Source : The Economist. Science and technology
Manoeuvring satellites Air braking
A
spacecraft’s solar panels can serve double-duty as sails
Manoeuvring a satellite in orbit usually
requires thrusters. Sometimes the thrust is provided by a fuel-burning rocket
motor. Sometimes it comes from electrically heated gas. Both methods, though,
add weight in the form of propellant, thus reducing launch payload. They also
involve parts that may fail. And eventually they run out of juice. Moreover,
satellites carrying an energetic fuel like hydrazine must undergo special tests
to be certified as safe for inclusion in a launch. Other ways of manoeuvring
spacecraft would thus be welcome. And two, in particular, are now being
developed.
The first takes advantage of errant air
molecules that have wandered into space from Earth’s atmosphere. In orbits near
to Earth, where these molecules are most abundant, the resistance they provide
is such that a satellite with a small forward-facing surface area will slowly
gain on another launched at the same speed with a larger such area. For this
effect to be useful, engineers have calculated that a satellite needs to be
able to enlarge or shrink its forward-facing area on demand by a factor of
about nine. If it can do that, then the method of “differential drag” becomes a
practical way of manoeuvring satellites relative to one another.

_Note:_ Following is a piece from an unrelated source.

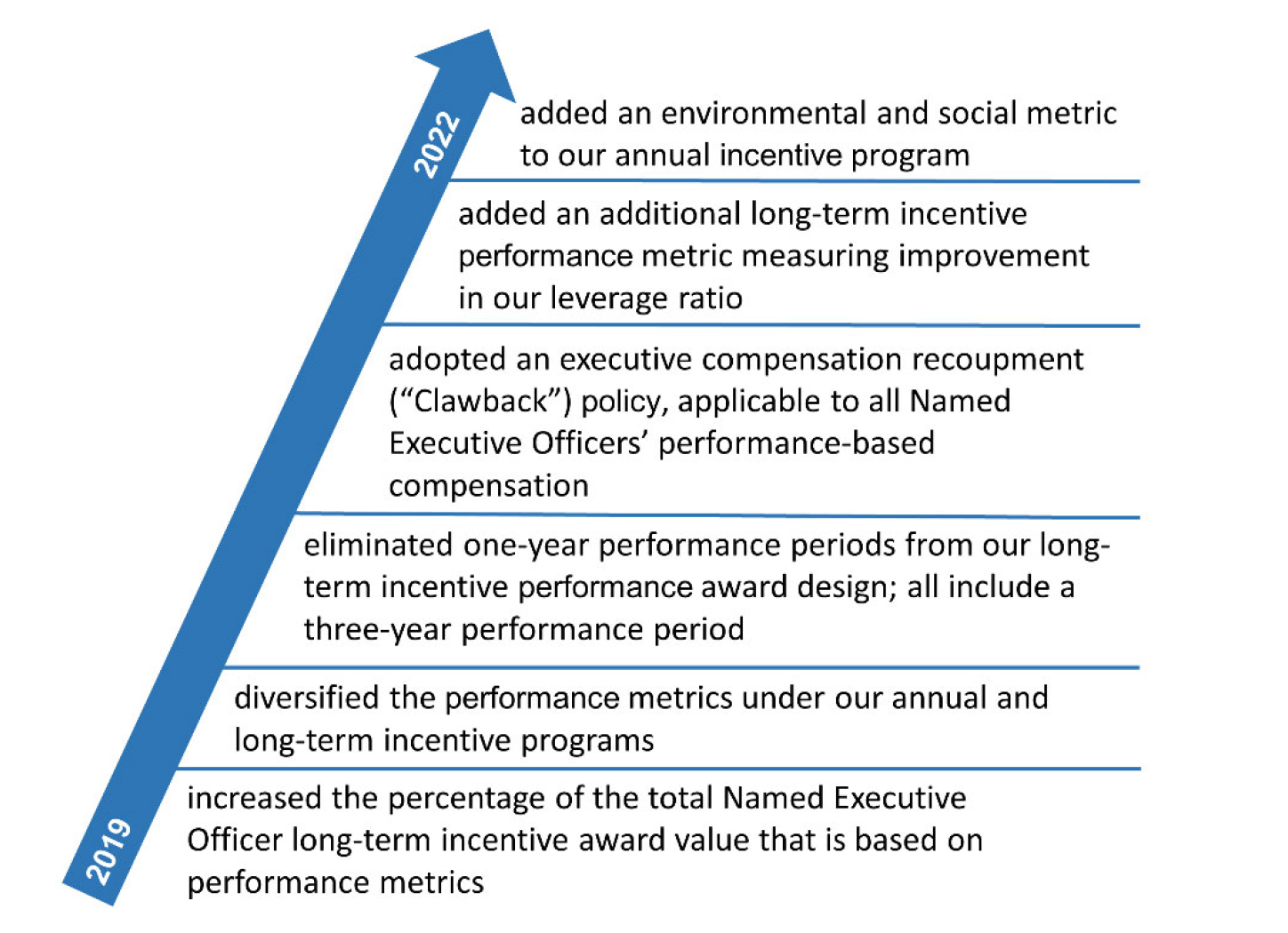 | ✓ | Three-year performance periods for long-term incentive awards |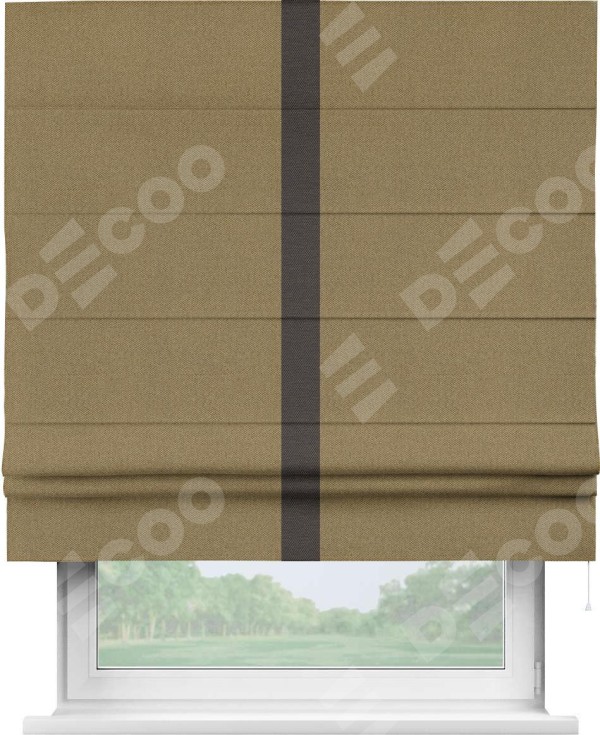 Римская штора производителя «Cortin», используется для проёма, пошита из ткани лён димаут оливковый, артикул 16243. Отделка шторы кантом «Хайвэй», ткань для канта используется из льна димаут разной расцветки на выбор. Имеет универсальный механизм и подходит для монтажа: на потолок, на стену и в нишу.

And
serendipitously, that factor of nine has proved reasonably easy to arrange.
The serendipity is the result of satellites
needing solar cells to power their electronics. These cells are usually fixed
to panels that, once a satellite is in orbit, unfold into wing-like structures
much bigger than the spacecraft’s body itself. If a satellite is oriented so
that its panels are facing in the direction of travel it will, over time, slow
down. If it then rotates so that the panels are parallel with that direction,
the braking will ease. A satellite operator in San Francisco, called Planet,
says that it was the first organisation to manoeuvre operational craft in this
way, back in 2013. The test was so successful that the firm now flies 120
Earth-imaging satellites which manoeuvre solely by differential drag. A mere 20
of Planet’s satellites still use thrusters.
The reason firms like Planet need to manoeuvre
satellites in the first place is that the cheapest way to launch them is in
groups taken up by a single rocket. This means they enter orbit as a cluster.
But jobs like Earth-watching and relaying telecommunications require such
groups of satellites to be spread out, for maximum coverage. Spire, another
satellite operator based in San Francisco, says that differential drag takes
only a few weeks to spread a cluster sufficiently to eliminate unnecessary
overlaps. The 72 satellites Spire has in orbit at the moment manoeuvre
exclusively by differential drag.
The actual process of manoeuvring involves
reorienting the satellite. That, in turn, requires torque. Satellites generate
this torque using a spinning reaction wheel and an electromagnet that interacts
with Earth’s magnetic field. The technology is now precise enough to imagine
using differential drag to permit satellites to rendezvous, according to Pini
Gurfil of Technion University, in Israel. Dr Gurfil points to impressively
close approaches between the small CubeSats that are part of a test project
called qb50, which is led by the von Karman Institute for Fluid Dynamics, in
Belgium.
Differential drag is not a perfect answer to
manoeuvring in space. Above an altitude of about 650km, air molecules are too
rare for the technique to be feasible, so it works only in the lowest of
low-Earth orbits. It also takes a fair amount of time to execute. So, for
example, if there is a war, satellites that rely on differential drag will be
more vulnerable to attack than those with thrusters.
In addition, changing the level of drag adjusts
only the rate of deceleration, and therefore of descent. The technique cannot
be used to lift a spacecraft into a higher orbit. But a second thrusterless
technique can manage this trick, too. It involves using the solar panels as
light sails.
Light exerts pressure. That pressure can be
employed in the same way as the pressure of the wind on Earth, to drive and
manoeuvre a craft. Orient a satellite so that its solar panels are hit by the
maximum possible amount of light in the part of its orbit when it is receding
from the sun, and the minimum amount when it is approaching it, and the
spacecraft will gain speed, and therefore altitude.
For a CubeSat smaller than a shoebox, with solar
panels the size of two old-fashioned record-album sleeves, harnessing sunlight
in this way should lift its orbit by several dozen metres a day, according to
Dr Gurfil. Not a huge amount. But enough, for example, to dodge a potential
collision with a piece of space debris—of which there is an increasing amount
in orbit.
Technion will try this idea out soon. It
expects, in what Dr Gurfil claims will be a first, to launch three test
satellites in about six months’ time. The mission is named samson. With luck,
the temple will not come crashing down around it.